Epilepsies of neonatal onset: seizure type and evolution

Kazuyoshi Watanabe; Kiyokuni Miura; Jun Natsume; Fumio Hayakawa; Sunao Furune; Akihisa Okumura

doi:10.1017/S0012162299000705

Abstract

Most neonatal seizures are occasional seizures and not true epilepsy. This study investigates seizure types of true neonatal epilepsies and their evolution with development. Seventy-five children with epilepsies of onset within 1 month of life, who were examined between 1970 and 1995, and whose seizure types could be confirmed with ictal EEG recordings, were studied. The patients were followed up for a minimum of 3 years and the evolution of epileptic syndromes was investigated.
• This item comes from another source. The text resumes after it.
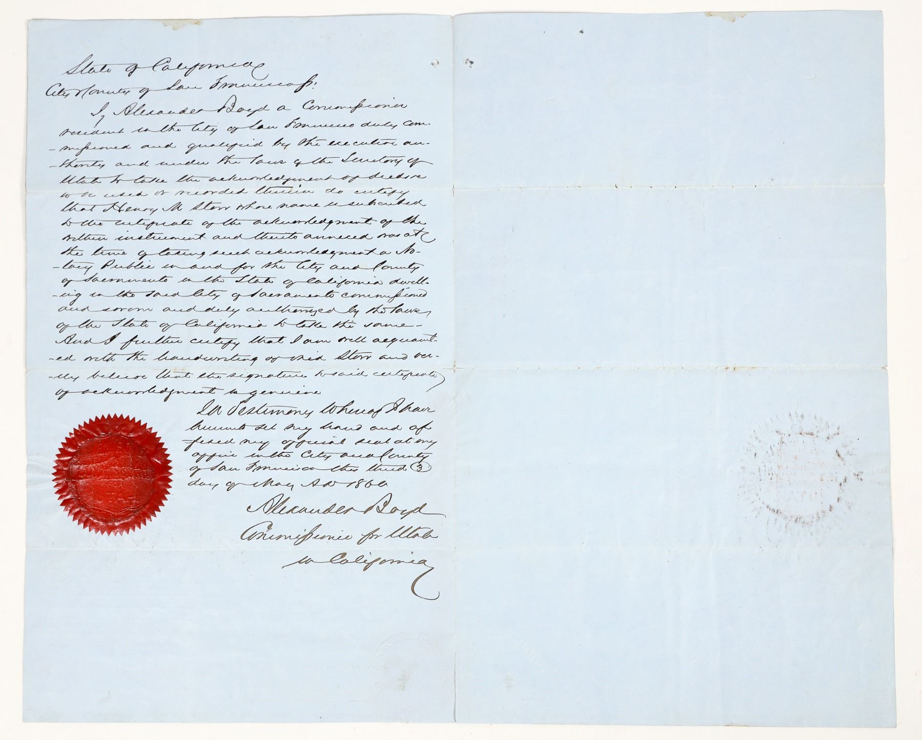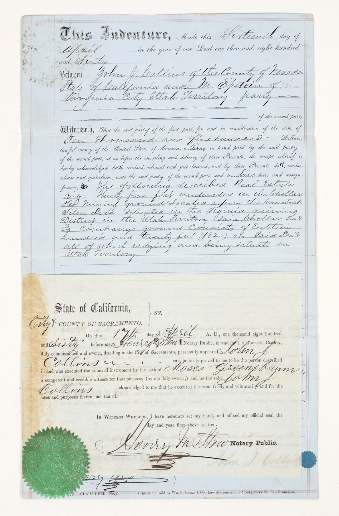 Extremely rare and early! Dated April 16th, 1860 when Nevada was still part of Utah Territory. Agreement between John J. Collins of Nevada County, California and M. Epstein of Virginia City, Utah Territory. For 35 feet, undivided in the "Chollar & Co. Mining ground located upon the Comstock Silver Load(sic.) situated in the Virginia Mining District in the Utah Territory." "Chollar and Co company's ground consist of eighteen hundred and twenty feet (1820) on said lead all of which is lying and being situate in Utah Territory." Signed by Collins. Signed by the notary public in Sacramento and Alexander Boyd. 13.5 x 8.5" By 1860, Billy Chollar had apparently already sold out. The Chollar Mine was between the Hale & Norcross and Potosi. Henry Comstock said he had located the claim and gave it Billy Chollar. Chollar sold out and moved back to Grass Valley.

Sixty-three (84%) of 75 patients had partial seizures, while nine had generalized seizures, and only three had both generalized and partial seizures. Twenty-three of 24 neonates with benign familial or non-familial neonatal convulsions presented with partial seizures; these syndromes should not necessarily be categorized into generalized epilepsy as they are in the present International Classification. Age-dependent changes were a common feature of symptomatic neonatal epilepsies. Eighteen (41%) of 44 patients with symptomatic epilepsies of neonatal onset developed West syndrome in infancy. Fifteen (83%) of these 18 patients presented with symptomatic localization-related epilepsy in the neonatal period. In seven of these 15 patients, West syndrome was followed by localization-related epilepsy. Symptomatic localization-related epilepsy with transient West syndrome in infancy is another type of age-dependent epileptic syndrome.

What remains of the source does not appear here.